Bilindiği üzere II.Abdülhamid'i tahttan indiren ekipte Emanuel Karaso, Aram Efendi, Es'ad Toptani ve Arif Hikmet Paşa yer almaktadır. Zaten Abdülhamid Han da en çok ekipteki kişilerin yanlış seçildiğine içerler ve çok üzülür. İşte bu 4 ismin nitelikleri..
***
"Karaso, İtalya'dan para alan bir casus olup, Libya 'nın İtalya tarafından yutulmasına meş'um bir rol oynamış, sonradan İtalya'ya kaçmış bir vatan hainidir. Ermeni Aram Efendi, Ermeni ihtilal komiteleri ile yakın ilgisi olup Sultan Abdülhamid'den Ermeniler'in intikamını almak için Abdülhamid'i tahttan indiren ekibe sokulmuştur. Jandarma Paşası olan Es'ad Toptani, birkaç yıl sonra devlete isyan ederek Arnavut istiklali için silah çekmiş ve sayısız Türk 'ün kanına girmiş bir adamdır. Arif Hikmet Paşa, sonraki yıllarda karanlık siyasi hayatı olan bir denizcidir." |
|
|
|
Nicomedia41
Üyeliği iptal edilmiştir
|
Konu: Geri: Osmanlı'dan Japonya'ya robot Ptsi Haz. 22, 2009 3:34 pm |
|
|
İşte Abdulhamid Han Hakkında Anlatılan 10 Yalan ..! 1. Kızıl Sultandı: Bu iddia, Albert Vandal adlı bir Fransız yazar tarafından ortaya atılmıştı. Atılış sebebi de, Abdülhamid'in Ermeni isyanlarını bastırtmış olmasıdır. Başta İngiltere ve Fransa olmak üzere Avrupa kamuoyunda Abdülhamid'in kan dökücü bir padişah olduğu propagandası başlatıldı. İşte "Kızıl", yani kan döken Sultan lakabı bu sırada asıldı boynuna. Hadi Ermenilerin böyle demesini anladık; iyi ama bir tekini bile idam ettirmemiş olan Abdülhamid'e Jön Türkler neden "Kızıl Sultan" dediler? 1915'te yüzbinlerce Ermeni'yi tehcir ettirecek olanlar, 25 yıl önce Ermeni propaganda ordusunun neferleri olmakta sakınca görmemişlerdi.

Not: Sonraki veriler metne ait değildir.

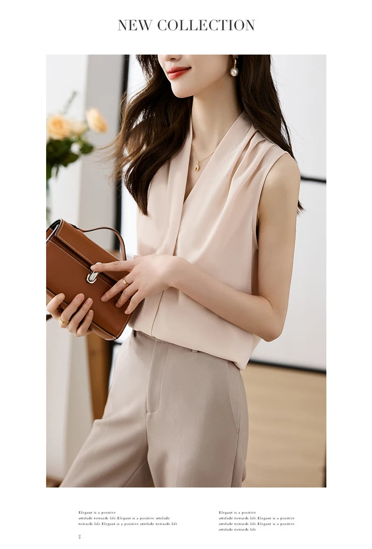 Chemisiers de bureau sans manches en mousseline de soie pour femmes

2. Meşrutiyet düşmanıydı: 93 Harbi'nde Osmanlı topraklarının üçte biri kaybedilmişti. Bu çapta bir toprak kaybı karşısında meclisteki farklı milliyetlere mensup üyeler paniğe kapılmış, her biri kendi milletinin topraklarını kurtarma telaşına düşmüştü. Birleştirici olacağı ümidiyle kurulan meclis, tam tersine bölücü bir meclis olmuştu. İki seçenek vardı: Ya parçalanmaya seyirci kalmak ama meşrutiyetten taviz vermemek ya da meşrutiyeti askıya almak ama ülkeyi parçalanmaktan kurtarmak. Abdülhamid ikincisini seçti ki, aynı durumda devlet refleksi zaten başkasını yapmasına müsaade etmezdi.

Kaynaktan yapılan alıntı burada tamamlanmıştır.